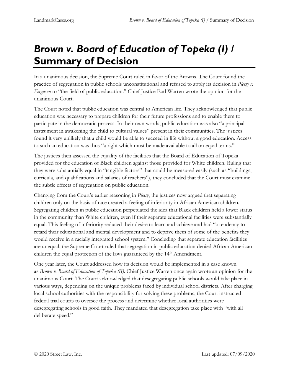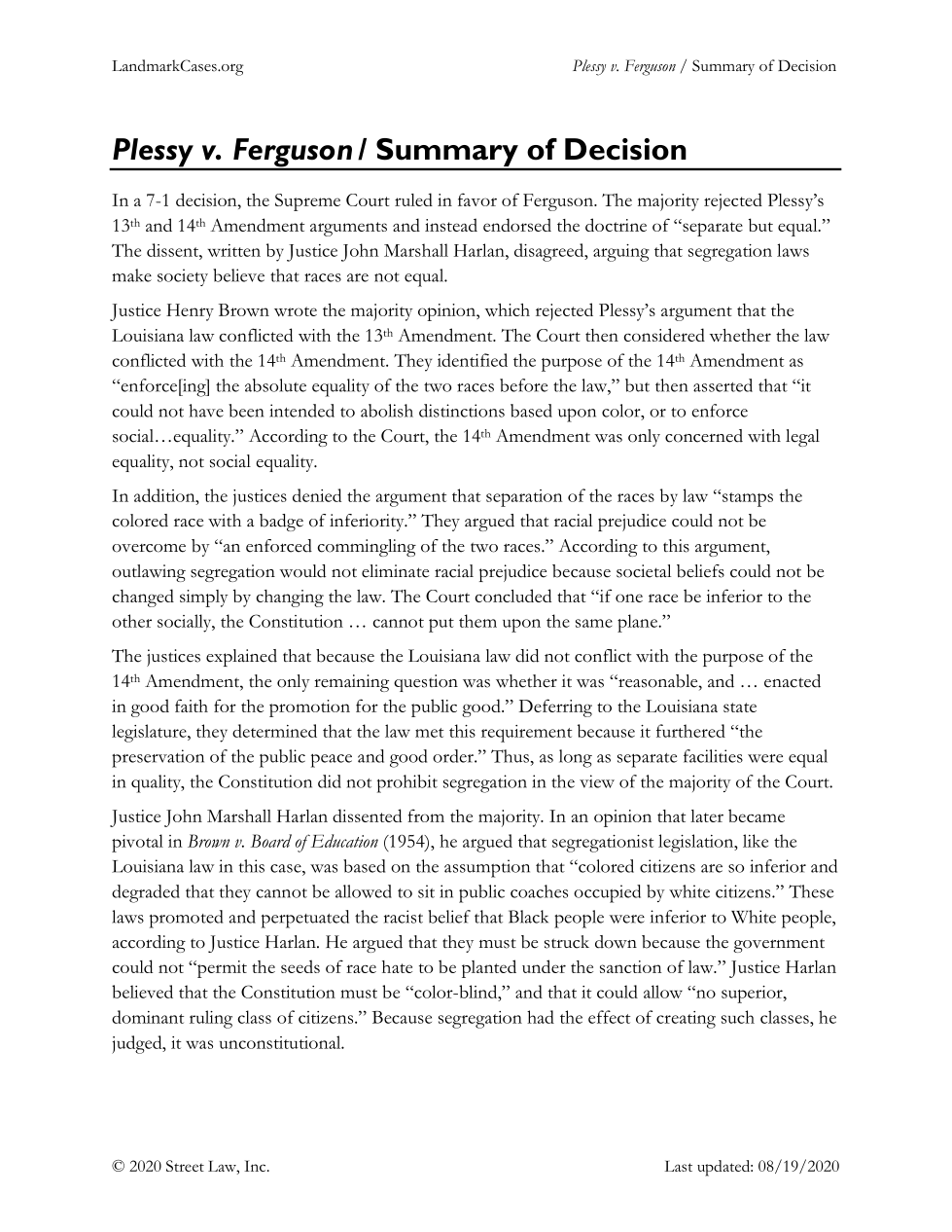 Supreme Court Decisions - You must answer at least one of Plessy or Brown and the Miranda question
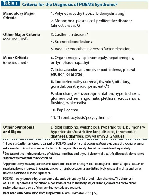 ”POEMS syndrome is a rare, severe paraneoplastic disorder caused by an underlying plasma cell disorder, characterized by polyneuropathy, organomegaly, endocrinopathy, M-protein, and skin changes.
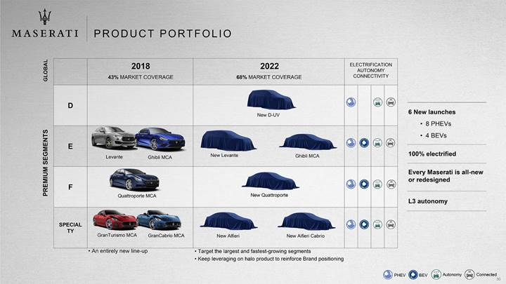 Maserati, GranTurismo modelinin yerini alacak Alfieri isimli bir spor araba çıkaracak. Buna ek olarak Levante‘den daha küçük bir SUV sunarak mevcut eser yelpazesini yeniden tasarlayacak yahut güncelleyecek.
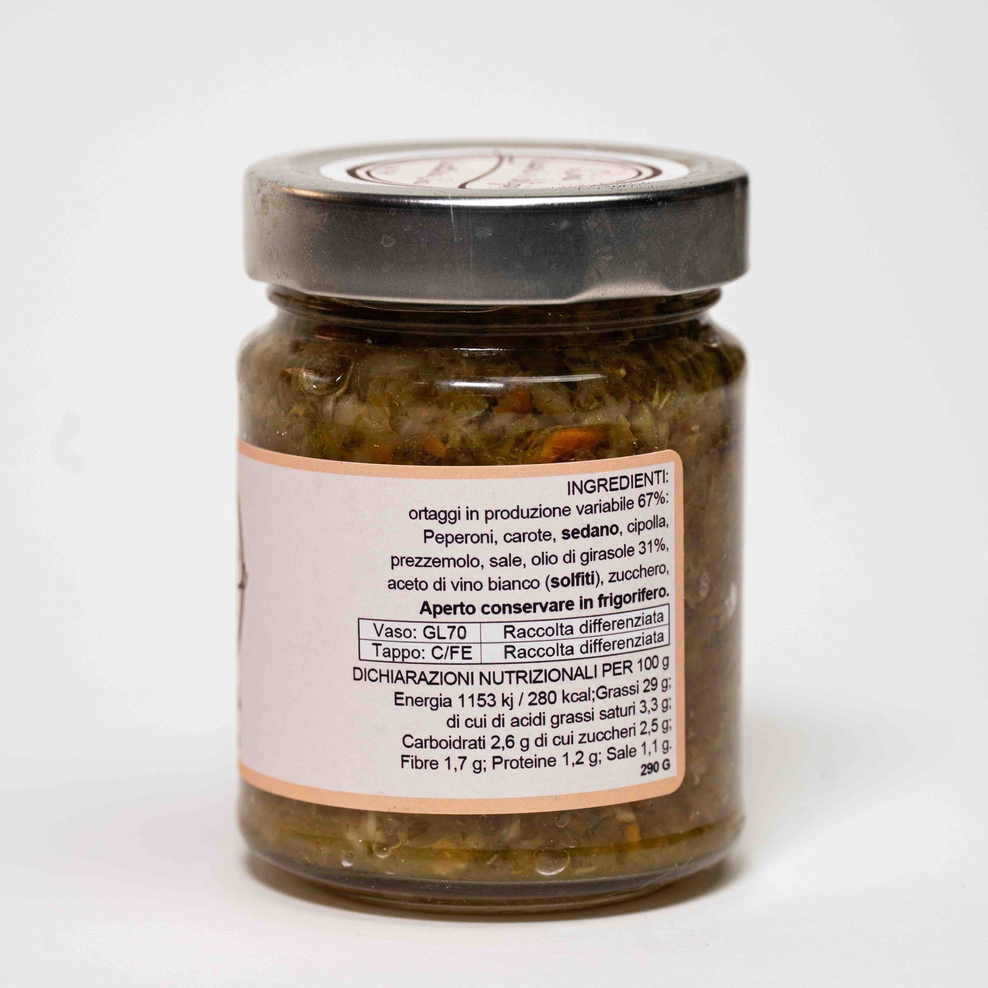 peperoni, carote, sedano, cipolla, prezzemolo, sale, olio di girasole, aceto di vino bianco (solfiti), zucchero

========================

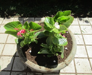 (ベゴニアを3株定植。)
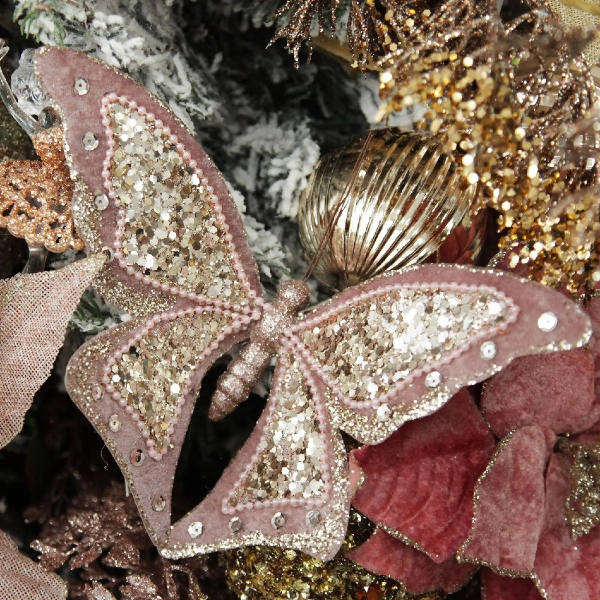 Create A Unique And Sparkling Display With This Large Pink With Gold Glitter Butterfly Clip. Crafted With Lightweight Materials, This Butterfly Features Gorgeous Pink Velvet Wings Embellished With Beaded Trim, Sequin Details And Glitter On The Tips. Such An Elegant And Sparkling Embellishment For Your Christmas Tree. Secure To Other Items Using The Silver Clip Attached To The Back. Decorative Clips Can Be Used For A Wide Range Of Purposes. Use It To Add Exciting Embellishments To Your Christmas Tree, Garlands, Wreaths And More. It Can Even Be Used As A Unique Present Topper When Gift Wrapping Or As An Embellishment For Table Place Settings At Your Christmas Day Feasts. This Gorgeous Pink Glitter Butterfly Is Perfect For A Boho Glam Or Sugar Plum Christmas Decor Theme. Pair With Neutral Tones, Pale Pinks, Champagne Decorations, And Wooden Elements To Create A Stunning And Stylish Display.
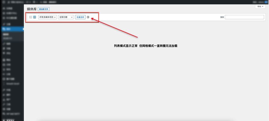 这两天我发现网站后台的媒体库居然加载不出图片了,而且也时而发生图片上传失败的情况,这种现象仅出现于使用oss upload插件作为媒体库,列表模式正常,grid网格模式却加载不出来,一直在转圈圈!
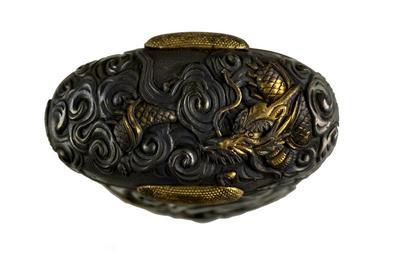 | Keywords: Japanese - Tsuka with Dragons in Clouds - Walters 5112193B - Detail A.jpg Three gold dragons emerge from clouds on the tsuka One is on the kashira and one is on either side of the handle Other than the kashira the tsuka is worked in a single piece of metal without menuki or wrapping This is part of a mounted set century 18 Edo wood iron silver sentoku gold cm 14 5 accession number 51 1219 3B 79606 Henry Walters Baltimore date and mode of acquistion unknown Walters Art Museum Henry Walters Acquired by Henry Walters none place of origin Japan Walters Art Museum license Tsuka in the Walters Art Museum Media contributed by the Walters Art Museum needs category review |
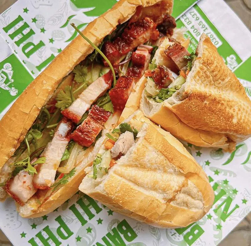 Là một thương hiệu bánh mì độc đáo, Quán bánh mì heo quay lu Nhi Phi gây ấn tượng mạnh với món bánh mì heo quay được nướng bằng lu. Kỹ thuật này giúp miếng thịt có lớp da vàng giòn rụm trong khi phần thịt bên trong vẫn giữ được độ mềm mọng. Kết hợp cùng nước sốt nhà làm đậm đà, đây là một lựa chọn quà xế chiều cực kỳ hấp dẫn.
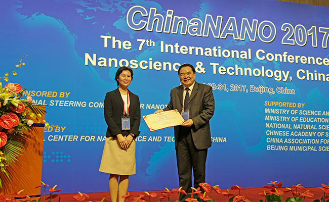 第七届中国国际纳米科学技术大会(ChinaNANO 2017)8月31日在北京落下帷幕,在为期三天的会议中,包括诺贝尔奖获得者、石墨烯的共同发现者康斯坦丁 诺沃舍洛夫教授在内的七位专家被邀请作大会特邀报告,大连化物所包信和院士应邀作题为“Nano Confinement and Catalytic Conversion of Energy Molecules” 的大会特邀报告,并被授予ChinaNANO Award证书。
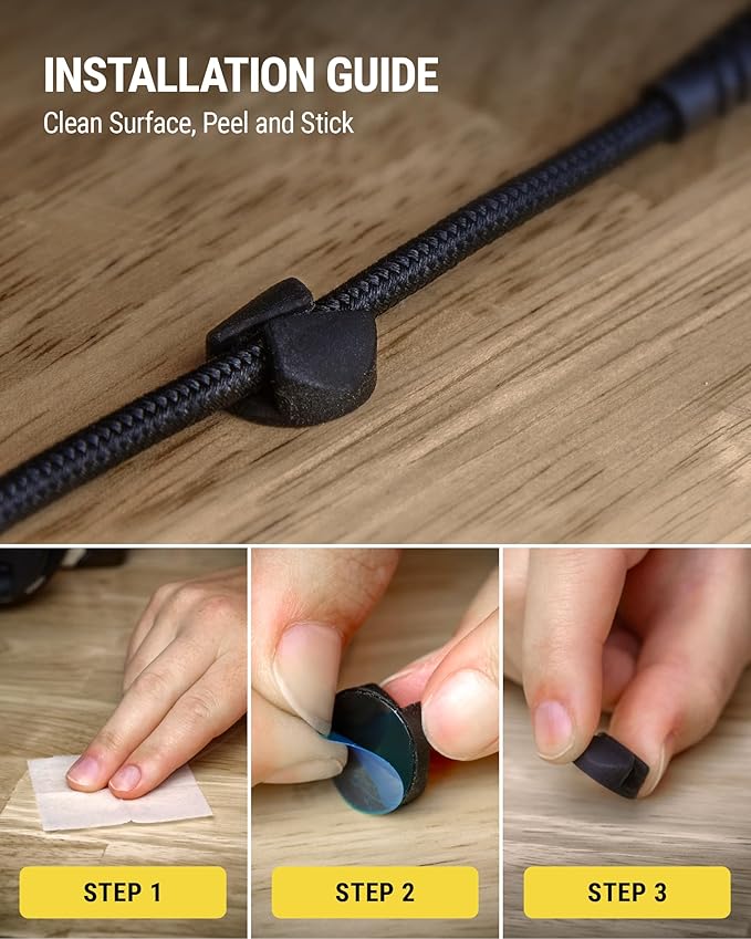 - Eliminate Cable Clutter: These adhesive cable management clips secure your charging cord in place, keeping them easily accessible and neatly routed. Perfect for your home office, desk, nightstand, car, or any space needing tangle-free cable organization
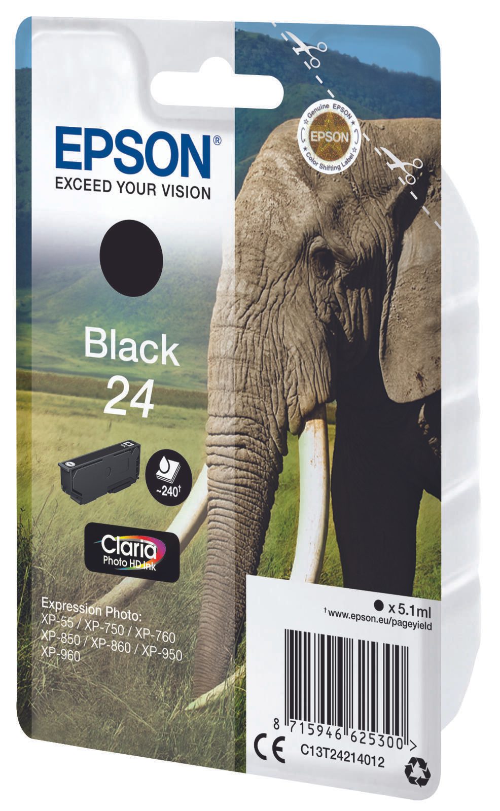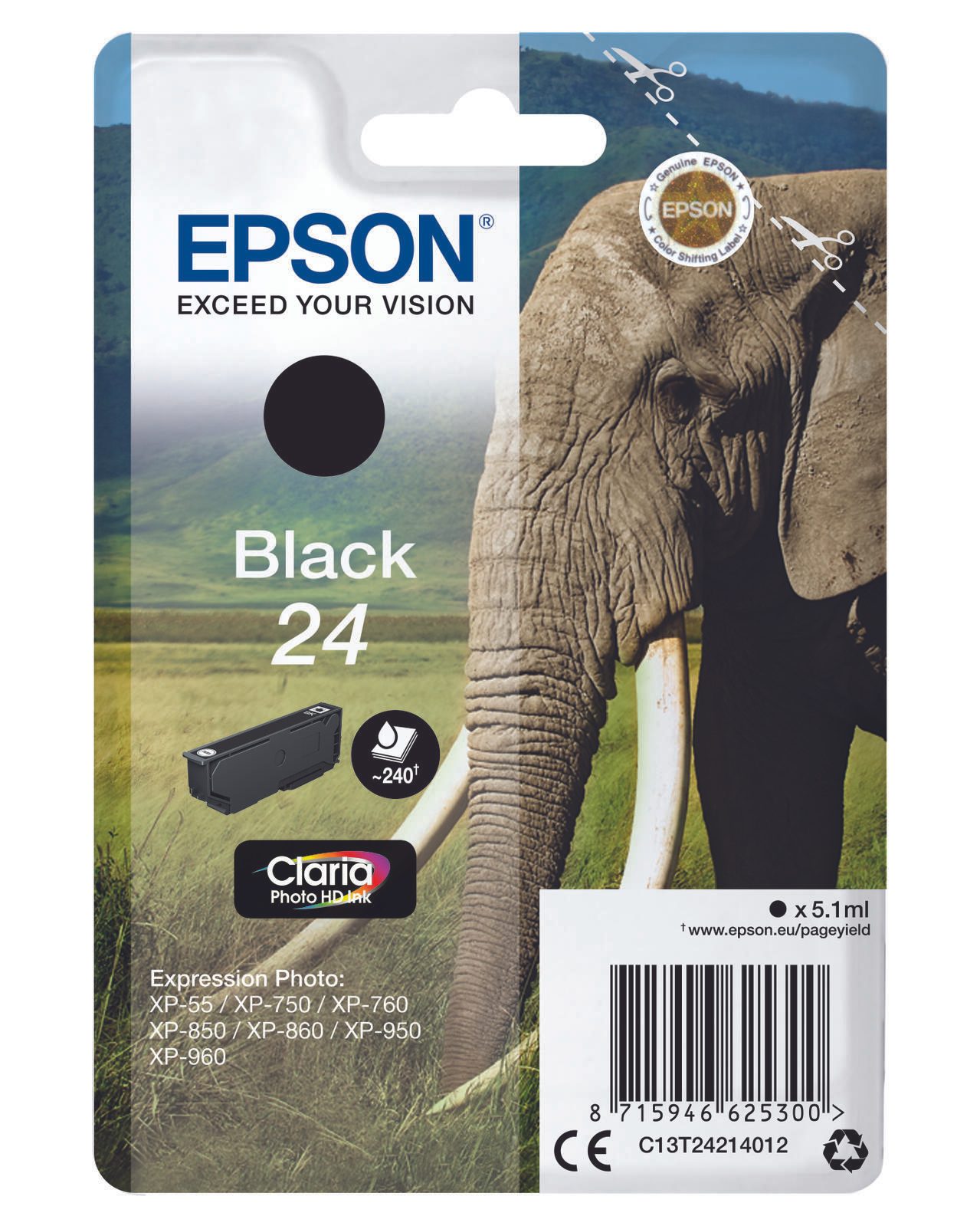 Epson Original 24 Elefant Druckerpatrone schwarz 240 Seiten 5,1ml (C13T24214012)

========================

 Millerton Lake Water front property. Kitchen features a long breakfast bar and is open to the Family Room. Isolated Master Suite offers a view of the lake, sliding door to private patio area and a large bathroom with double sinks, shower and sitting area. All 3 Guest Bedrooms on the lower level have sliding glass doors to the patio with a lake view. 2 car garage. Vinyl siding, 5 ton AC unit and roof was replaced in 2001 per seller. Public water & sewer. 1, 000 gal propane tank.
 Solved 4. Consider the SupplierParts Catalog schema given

========================

Above are the records; restate exactly the lines from the one containing "and skin changes." through the one containing "peperoni, carote, sedano, cipolla, prezzemolo, sale, olio", keeping pictures out.

*RESPONSE BELOW*:
 ”POEMS syndrome is a rare, severe paraneoplastic disorder caused by an underlying plasma cell disorder, characterized by polyneuropathy, organomegaly, endocrinopathy, M-protein, and skin changes.
 Maserati, GranTurismo modelinin yerini alacak Alfieri isimli bir spor araba çıkaracak. Buna ek olarak Levante‘den daha küçük bir SUV sunarak mevcut eser yelpazesini yeniden tasarlayacak yahut güncelleyecek.
 peperoni, carote, sedano, cipolla, prezzemolo, sale, olio di girasole, aceto di vino bianco (solfiti), zucchero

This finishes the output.